IN THE HIGH COURT OF SOUTH AFRICA

(EASTERN CAPE, PORT ELIZABETH)


Case No: 3754/2011

In the matter between:

SAMUEL PAUL FROST N.O

SUNETTE FROST N.O

KARIN EVELINA VERMAAK N.O

SONJA BOSHOFF N.O

DANIEL JOHANNES SMIT N.O

(in their capacity as trustees of Die Vermaak Trust) …...............................Applicants

And

PERCIVAL ORSMOND HUGH VERMAAK …..............................................Respondent


Coram: Chetty, J

Date Heard: 31 May 2012

Date Delivered: 1 June 2012

Summary: PracticeApplication for attachment ad confirmandam jurisdictionem – Only defence raised one of res judicata – Issue disposed of in Magistrates Court – Magistrates Court application ad fundandam jurisdictionem fatally defective – Affidavit not attested – Plea of res judicata dismissed – Application granted.
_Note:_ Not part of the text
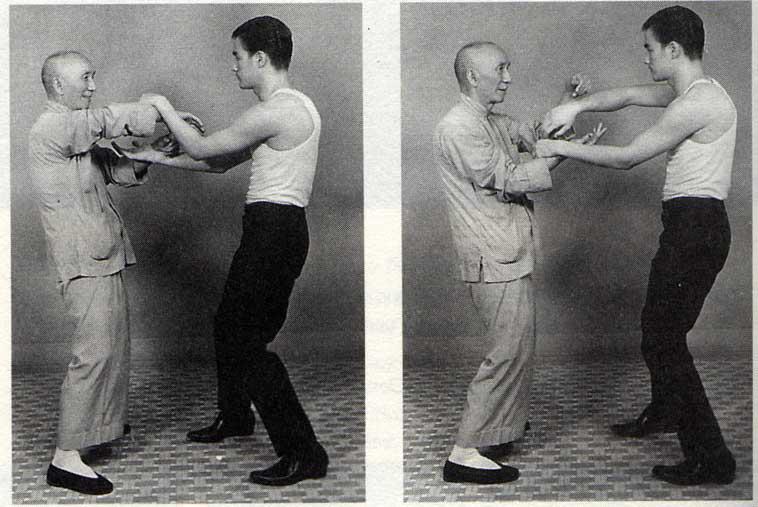 Bruce and I grew up together. We were friends since we were young boys. It was I who introduced Bruce Lee to Wing Chun School in the summer of 1954. In the old days, the master would never teach the new students. It was up to the senior students to pass on the Wing Chun lessons to Bruce. As I was his Kung Fu Senior of many years, I was instructed by Grandmaster Yip man to train him. By 1995, one year into his Wing Chun training, Bruce progressed very fast, and already became a threat to most of the Wing Chun seniors as the majority of them were armchair martial artists. They discovered that Bruce was not a full blooded Chinese because his mother was half German and half Chinese. The seniors got together and put pressure on Professor Yip Man and tried to get Bruce kicked out of the Wing Chun School. Because racism was widely practised in Martial Arts School in Hong Kong, the art was not allowed to be taught to foreigners. Professor Yip Man had no other choice but to bow to their pressure, but he told Bruce that he could train with me and Sihing Wong Shun Leung. But most of the time we trained together. The first thing I showed Bruce was the Principles of being a good fighter: 1. The Heart 2. The Eyes Extract from taped Bruce Lee conversation with Danny Lee (one of his students) in 1972: Danny: Have you thought of Tai Chi as a form of self defence? Bruce: Well, if you were there ......... you would be so embarrassed, so it is not even a free brawl .......where a man who is capable of using his tools and who is very determined to be a savage legless attack whereas those SOBs are cowards. Turning their heads and swinging punches and after the second round they are out of breath. I mean they are really pathetic looking - very amateurish. I mean even a boxer because a boxer when they concentrate on two hands, regardless of how amateurish they are, they do their thing, whereas those guys haven't decided what the hell they are going to use. I mean before they contact each other they do all the fancy stances and all the fancy movements, but the minute they contact they don't know what the hell to do. I mean that's it. They fall on their arses and they .. and hold and grapple. I think the whole Hong Kong - they call it Gong Sao- Challenge Match in Hong Kong - can you imagine that, I mean even those guys see it that way. What do you think of the appreciation of people here? So what I'm hoping to do in film is raise the level." 3. Balance Furthermore Bruce was very innovative. Back in the 50's, the Chinese Martial Artists were very conservative. They believed that weight training would slow down the practitioner's speed. But Bruce found a way to beat it. He would start his program with heavy weights and low repetitions first, then he reduced the weights and increased the repetitions. He continued to do that until his repetitions reached maximum and the speed of the exercise also increased. In this way he built muscles and developed power without losing speed. One of the most important discoveries from his Wing Chun training was that Wing Chun teaches the practitioner to train with the individual muscle or group of muscles first, then co-ordinates the movement together by combining the muscles to make a collective movement in order to get the most out of the technique. Bruce had mastered this training. The following is the taped conversation ....Danny Lee 1972: "Danny: Danny ( Inosanto) was excited yesterday. Bruce: Yes, he was in my house the night before. Danny: He didn't want us to do any more heavy bag kicking. He wanted us to just kick at something light. Bruce: When you use your leg it is much better - to kick at the phone pad or whatever - watch out with the side kick on air kicking - not air kicking too much. If you snap it too much without contact at the end you can get hurt." And later they discussed: Danny: I think you have to pick a few diehard followers and say this is JKD. Bruce: That's why I tell Dan (Inosanto) to be careful ... ......... Danny: So that's why - I've been working with Dan (Inosanto) a lot. Bruce: I told him last time he's becoming very stylised. And it seems like his consciousness is really - something is bugging him. Danny: I think its heavy bag kicking. Bruce: Too much heavy bag kicking and too much body twisting has affected him. Danny: Yes. The power and the momentum. He's working out real hard. I would like to conclude by saying that speed and power comes from relaxation and co-ordination which has everything to do with mind and body balance. From "The Bruce Lee Story" by Linda Lee and Tom Bleecker: The following is Bruce's recollection of one of many training experiences with Professor Yip Man: "About four years of hard training in the art of gung fu, I began to understand and felt the principle of gentleness - the art of neutralizing the effect of the opponent's effort and minimizing expenditure of one's energy. All these must be done in calmness and without striving. It sounded simple, but in actual application it was difficult. The moment I engaged in combat with an opponent, my mind was completely perturbed and unstable. Especially after a series of exchanging blows and kicks, all my theory of gentleness was gone. My only one thought left was somehow or another I must beat him and win. My instructor Professor Yip Man, head of the Wing Chun School, would come up to me and say, "Loong (Bruce's Chinese name), relax and calm your mind. Forget about yourself and follow the opponent's movement. Let your mind, the basic reality, do the counter-movement without any interfering deliberation. Above all, learn the art of detachment." That was it! I must relax. However, right there I had already done something contradictory, against my will. That was when I said I must relax, the demand for effort in "must" was already inconsistent with the effortless in "relax". When my acute self-consciousness grew to what the psychologists called "double-blind" type, my instructor woul

________________________________________________________________

JUDGMENT

________________________________________________________________

Chetty, J

[1] This is the return day of an ex parte application in which the applicants seek a final order for the attachment of certain immovable properties pending the institution of an action against the respondent for payment of certain sums of money which the applicants allege are due to them. An order for attachment, whether ad fundandam jurisdictionem or ad confirmandam jurisdictionem serves to provide an incola with property against which he/she can execute the judgment in the event of the contemplated action succeeding. The respondent opposes the relief sought.


[2] The requirements for obtaining an order for attachment whether ad fundandam and/or ad confirmandam jurisdictionem, shorn of excess verbiage, are that –


  1. The applicant has a prima facie cause of action against the defendant;

  2. The defendant is a peregrinus; and

  3. The property is within that area, alternatively, within the Republic of South Africa.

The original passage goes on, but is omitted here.